Les éléments affiliés à Al Quaïda qui ont afflué en Libye en 2011 opérant comme la tête de lance de l'occident pour faire tomber Kadhafi, étendent maintenant leur influence dans toute la région du Sahel et de l'Afrique occidentale au milieu du bain de sang qui en résulte.
Les États-Unis et les puissances impérialistes européennes se servent des conséquences de la guerre en Libye pour justifier l'expansion des opérations militaires dans toute l'Afrique, sous le couvert de la lutte contre Al Quaïda et les forces associées.

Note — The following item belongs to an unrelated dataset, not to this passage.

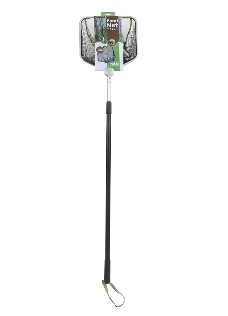 Het Pond Net assortiment van Velda bestaat uit diverse soorten en maten schepnetten en zijn inclusief een telescopische steel. De netten zijn op een bijzondere manier en onzichtbaar in het frame verwerkt. Daarmee is er een zeer goede verbinding verkregen tussen het netmateriaal en het frame, terwijl daarmee netbeschadiging tot het verleden behoort. De opvallende groene belijning in het net bevordert de zichtbaarheid tijdens het gebruik in de vijver. De steellengte is 180 cm.De Daphnia netten zijn fijnmazig en zijn uitermate geschikt om zelfs de kleinste vuildeeltjes uit het water te verwijderen, zoals stuifmeel en kleine takjes/bladeren. De grofmazige netten zijn geschikt voor het uitzetten en vangen van vissen, maar ook voor allerlei klusjes, zoals het verwijderen van bladeren. Kies de vorm die het beste past bij het gebruik; vierkant of 3-hoekig voor strakke vijvers, rond voor bijvoorbeeld natuurvijvers. Produkt Afmeting Kleur Pond Net Rond 35 cm zwart Pond Net Rond 46 cm zwart Pond Net Vierkant 35 cm zwart Pond Net Vierkant 46 cm zwart Pond Net Driehoek 40 cm zwart Pond Net Daphnia vierkant 35 cm wit Pond Net Daphnia rond 35 cm wit Bovenstaande afmetingen zijn verkrijgbaar

Depuis 2012, des vols de surveillance en appareil Pilatus PC-12 sont opérés depuis l'aéroport international Diori Hamani de Niamey. Des drones Predator mènent des opérations de surveillance en Afrique de l'Ouest depuis que les États-Unis et le Niger ont signé un accord en janvier sur l'établissement d'une base de drones. Un contingent d'approximativement 100 soldats américains a été envoyé au Niger, clairement pour gérer la base de drones.
Une base américaine de drones devrait s'ouvrir à Ouagadougou, capitale du Burkina Faso, à la fin de l'année, étendant les capacités de surveillance américaines en Afrique de l'Ouest. L'aéroport de Ouagadougou sert actuellement de point central à l'espionnage américain en Afrique, utilisant les petits avions PC-12 pour des vols de surveillance sur le Mali, la Mauritanie, et le désert saharien.